Count Square Sum Triples Solution in Python

Problem Description

Welcome to the world of counting square sum triples! Imagine you’re at a party, and everyone is trying to impress each other with their math skills. The challenge? Find all unique triples of integers (a, b, c) such that a² + b² = c² and all integers are less than or equal to a given number n.

Now, if you think this is just a math problem, think again! It’s like trying to find the perfect combination of ingredients for a cake, but instead of flour and sugar, you’re mixing squares of numbers. And just like baking, if you get the wrong combination, you might end up with a flat cake—or in this case, no valid triples!

Code Solution

class Solution:
    def countTriples(self, n: int) -> int:
        ans = 0
        squared = set()

        for i in range(1, n + 1):
            squared.add(i * i)

        for a in squared:
            for b in squared:
                if a + b in squared:
                    ans += 1

        return ans
    

Approach Explanation

The approach here is as straightforward as counting your fingers. First, we create a set of squares for all integers from 1 to n. Then, we check every combination of these squares to see if their sum is also a square in our set. If it is, we increment our answer. It’s like playing a game of matchmaker, but instead of finding love, we’re finding numbers that fit together perfectly!

Time and Space Complexity

Time Complexity: O(n²) – We have two nested loops iterating through the squared set.

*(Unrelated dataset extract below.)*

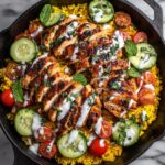 Once baked, you can slice the chicken into shawarma-style pieces and nestle them back into the casserole, making it easy for everyone to enjoy the tender meat paired with the rice and veggies in every bite. Then, generously top with the fresh cucumber and tomato mixture, completing your Lemon Herb Chicken Shawarma Casserole Recipe with a vibrant, refreshing finish.

Space Complexity: O(n) – We store the squares of numbers in a set.

Real-World Example

Imagine you’re trying to build a triangular pyramid with blocks. Each block represents a number, and you can only use blocks that are perfect squares. You want to know how many unique ways you can stack these blocks to form a perfect triangle. This problem is just like that! You’re counting the unique combinations of blocks (or numbers) that can form a perfect triangle (or satisfy the equation a² + b² = c²).